§ TASK TO CARRY OUT
Each line of the listing, apart from the pictures, is to be printed exactly.

§ DATA BELOW
***

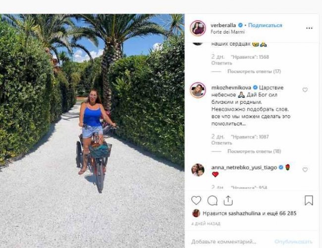 Актриса скорбит в связи с уходом из жизни фэшн-директора ЦУМа. Мария Кожевникова опечалена смертью Вербер/globallookpress.com Актриса Мария Кожевникова не прошла мимо трагедии, которая случилась с 61-летним фэшн-директором ЦУМа Аллой Вербер. Под последним постом женщины в Instagram она оставила свой комментарий. «Царствие небесное. Дай бог сил близким и родным. Невозможно подобрать слов. Все, что мы можем сделать – это помолиться». Кожевникова прокомментировала смерть Аллы Вербер/instagram.com/verberalla/ Отметим, что под постом отметились многие другие звезды российского шоу-бизнеса. В частности, певица Ольга Бузова кратко написала: «Как больно». Здесь же можно увидеть комментарии Лолиты, Сергея Лазарева и многих других. Фэшн-директора ЦУМа знали очень многие звезды. Она была гостьей на вечеринках. «Как больно»: Бузова высказалась после смерти Вербер Певица, как и все звезды шоу-бизнеса, опечалена внезапной смертью фэшн-директора ЦУМа. Последнее крупное мероприятие, которое она посетила, – юбилей композитора Игоря Крутого. Маэстро отмечал праздник в турецком Бодруме. Позвал он туда и свою давнюю подругу. На кадрах она фотографировалась с Крутым и его супругой Ольгой. Женщина была абсолютно счастлива. После Турции Вербер улетела в Италию. Именно там и произошла трагедия. Официальной причиной смерти стал инфаркт. Кроме того, известно, что много лет звезда лечилась от рака крови. Похоронят Аллу Вербер в канадском Торонто. Многие звезды шоу-бизнеса уже заявили, что не смогут туда отправиться, потому что они просто не успеют оформить визу в эту страну, находящуюся в Северной Америке.
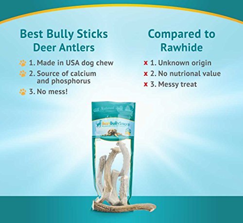 -. Binding : Misc. -. Brand : Best Bully Sticks -. Label : Best Bully Sticks -. Manufacturer : Best Bully Sticks -. PackageQuantity : 1 -. ProductGroup : Pet Products -. ProductTypeName : PET_SUPPLIES -. Publisher : Best Bully Sticks -. Studio : Best Bully Sticks -. Title : Grade-A Elk and Deer Antler Dog Chews by Best Bully Sticks (1 Pack) Sourced in the USA
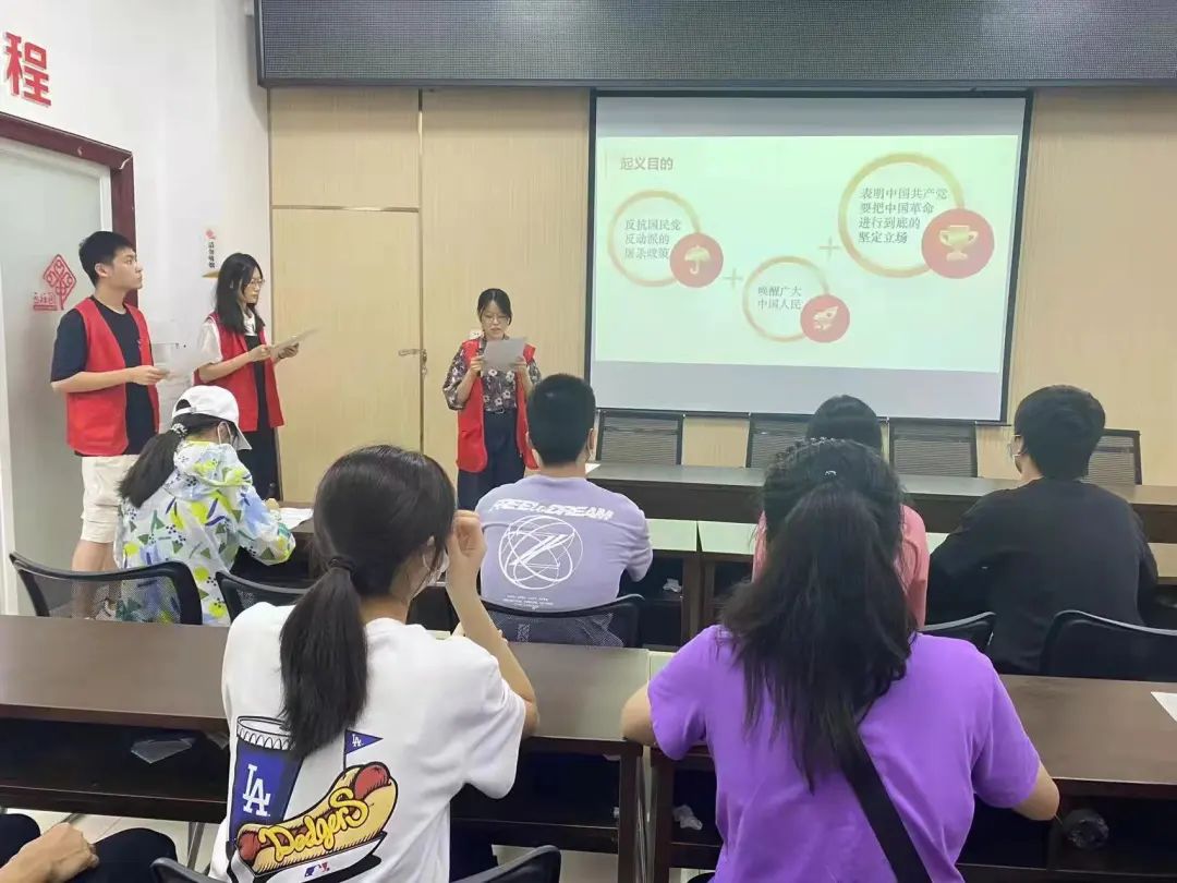 为更好地组织开展党史学习教育主题活动,我们团队在结合地缘特色以及对现实时间节点的考量过后,最终讨论决定深入社区,向青少年朋友们开展“学党史·八一建军节”主题党史宣讲活动。从活动的前期准备工作到最终的线下开展工作,在与团队成员们积极讨论和修改宣讲内容的过程中,我对于建军党史的了解也更加深入,充分地感受到中国共产党领导人民军队,一步步带领中华民族谋幸福、谋发展、求突破,求创新的历程。作为伟德官方网站暑期社会实践哲公司睿翼实践团的一员,通过讲述那段战火纷飞的时代,传播党史红色精神,在宣讲中实践贯彻习近平总书记对青年一代“学史明理”、“学史力行”的殷切嘱托,我在感到十分光荣的同时,也感到责任重大。这激励着我在未来将更好地响应党的号召,为中华民族伟大复兴贡献自己的一份力量。
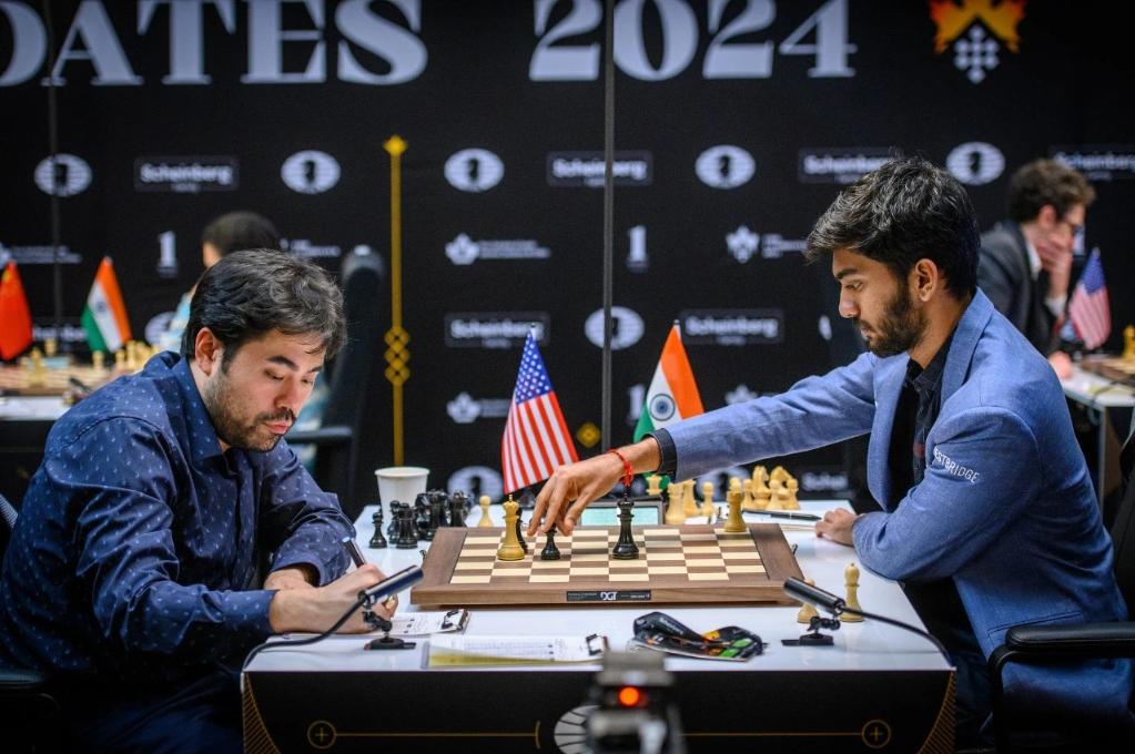 男子組方面,13輪過(guò)后形成第一集團(tuán)的四人在最后一輪捉對(duì)廝殺,以0.5分優(yōu)勢(shì)領(lǐng)先其余3人的印度新星古克什對(duì)戰(zhàn)美國(guó)棋手中村光,另一位美國(guó)棋手卡魯阿納對(duì)陣俄羅斯棋手涅波姆尼亞奇。最終兩組對(duì)局均以和棋告終,古克什積9分奪冠。

***

§ SOLVED EXERCISE
 Актриса скорбит в связи с уходом из жизни фэшн-директора ЦУМа. Мария Кожевникова опечалена смертью Вербер/globallookpress.com Актриса Мария Кожевникова не прошла мимо трагедии, которая случилась с 61-летним фэшн-директором ЦУМа Аллой Вербер. Под последним постом женщины в Instagram она оставила свой комментарий. «Царствие небесное. Дай бог сил близким и родным. Невозможно подобрать слов. Все, что мы можем сделать – это помолиться». Кожевникова прокомментировала смерть Аллы Вербер/instagram.com/verberalla/ Отметим, что под постом отметились многие другие звезды российского шоу-бизнеса. В частности, певица Ольга Бузова кратко написала: «Как больно». Здесь же можно увидеть комментарии Лолиты, Сергея Лазарева и многих других. Фэшн-директора ЦУМа знали очень многие звезды. Она была гостьей на вечеринках. «Как больно»: Бузова высказалась после смерти Вербер Певица, как и все звезды шоу-бизнеса, опечалена внезапной смертью фэшн-директора ЦУМа. Последнее крупное мероприятие, которое она посетила, – юбилей композитора Игоря Крутого. Маэстро отмечал праздник в турецком Бодруме. Позвал он туда и свою давнюю подругу. На кадрах она фотографировалась с Крутым и его супругой Ольгой. Женщина была абсолютно счастлива. После Турции Вербер улетела в Италию. Именно там и произошла трагедия. Официальной причиной смерти стал инфаркт. Кроме того, известно, что много лет звезда лечилась от рака крови. Похоронят Аллу Вербер в канадском Торонто. Многие звезды шоу-бизнеса уже заявили, что не смогут туда отправиться, потому что они просто не успеют оформить визу в эту страну, находящуюся в Северной Америке.
 -. Binding : Misc. -. Brand : Best Bully Sticks -. Label : Best Bully Sticks -. Manufacturer : Best Bully Sticks -. PackageQuantity : 1 -. ProductGroup : Pet Products -. ProductTypeName : PET_SUPPLIES -. Publisher : Best Bully Sticks -. Studio : Best Bully Sticks -. Title : Grade-A Elk and Deer Antler Dog Chews by Best Bully Sticks (1 Pack) Sourced in the USA
 为更好地组织开展党史学习教育主题活动,我们团队在结合地缘特色以及对现实时间节点的考量过后,最终讨论决定深入社区,向青少年朋友们开展“学党史·八一建军节”主题党史宣讲活动。从活动的前期准备工作到最终的线下开展工作,在与团队成员们积极讨论和修改宣讲内容的过程中,我对于建军党史的了解也更加深入,充分地感受到中国共产党领导人民军队,一步步带领中华民族谋幸福、谋发展、求突破,求创新的历程。作为伟德官方网站暑期社会实践哲公司睿翼实践团的一员,通过讲述那段战火纷飞的时代,传播党史红色精神,在宣讲中实践贯彻习近平总书记对青年一代“学史明理”、“学史力行”的殷切嘱托,我在感到十分光荣的同时,也感到责任重大。这激励着我在未来将更好地响应党的号召,为中华民族伟大复兴贡献自己的一份力量。
 男子組方面,13輪過(guò)后形成第一集團(tuán)的四人在最后一輪捉對(duì)廝殺,以0.5分優(yōu)勢(shì)領(lǐng)先其余3人的印度新星古克什對(duì)戰(zhàn)美國(guó)棋手中村光,另一位美國(guó)棋手卡魯阿納對(duì)陣俄羅斯棋手涅波姆尼亞奇。最終兩組對(duì)局均以和棋告終,古克什積9分奪冠。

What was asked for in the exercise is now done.